BEGIN

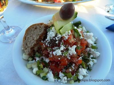 En god sallad som man kan bli bladig av den åt vi på Hydra hos Christina o Manolis . Lolis
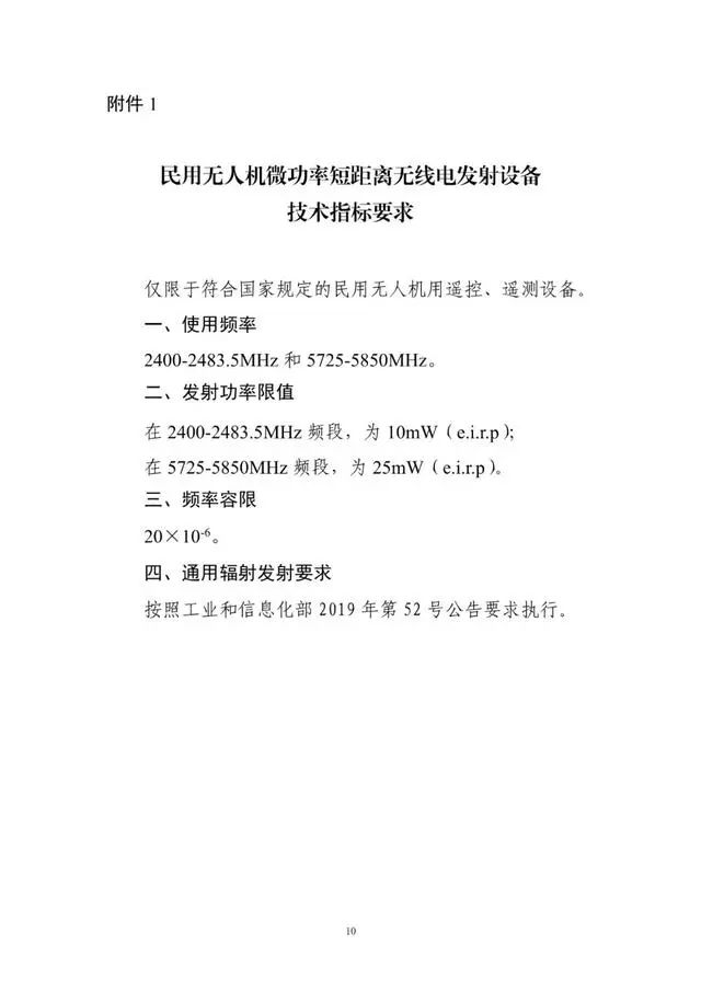 第五条【微功率短距离】民用无人机使用相关无线电频率,且无线电发射设备指标满足附件 1 要求的,按照微功率短距离无线电发射设备管理,无需取得无线电发射设备型号核准、无线电频率使用许可和无线电台(站)设置、使用许可,但应当符合产品质量等法律法规、国家标准和国家无线电管理有关规定。
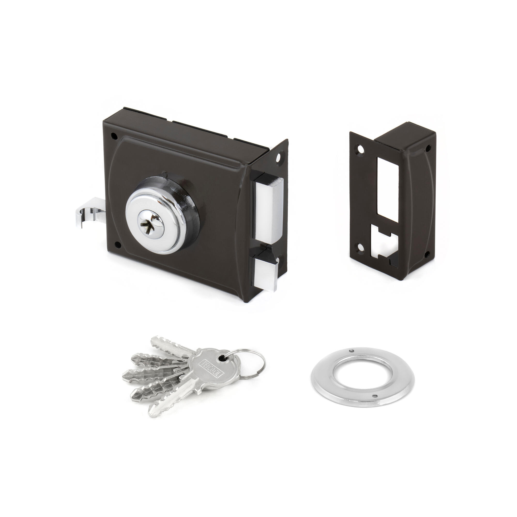 Esta fechadura é ideal para garantir a segurança de portas interiores, combinando funcionalidade e estética na sua concepção. Distância entre eixos: 10cm. Altura do cofre: 55mm. Largura do cofre: 65mm. Material do cofre: latão. Tipo de produto: fechadura de sobrepor. Ventajas do Produto: este modelo oferece um design contemporâneo com um sistema de bloqueio eficiente, refletindo segurança e durabilidade.

END

* _What to work on_: Copy the full listing above exactly, apart from the pictures.

* _Answer area_:
 En god sallad som man kan bli bladig av den åt vi på Hydra hos Christina o Manolis . Lolis
 第五条【微功率短距离】民用无人机使用相关无线电频率,且无线电发射设备指标满足附件 1 要求的,按照微功率短距离无线电发射设备管理,无需取得无线电发射设备型号核准、无线电频率使用许可和无线电台(站)设置、使用许可,但应当符合产品质量等法律法规、国家标准和国家无线电管理有关规定。
 Esta fechadura é ideal para garantir a segurança de portas interiores, combinando funcionalidade e estética na sua concepção. Distância entre eixos: 10cm. Altura do cofre: 55mm. Largura do cofre: 65mm. Material do cofre: latão. Tipo de produto: fechadura de sobrepor. Ventajas do Produto: este modelo oferece um design contemporâneo com um sistema de bloqueio eficiente, refletindo segurança e durabilidade.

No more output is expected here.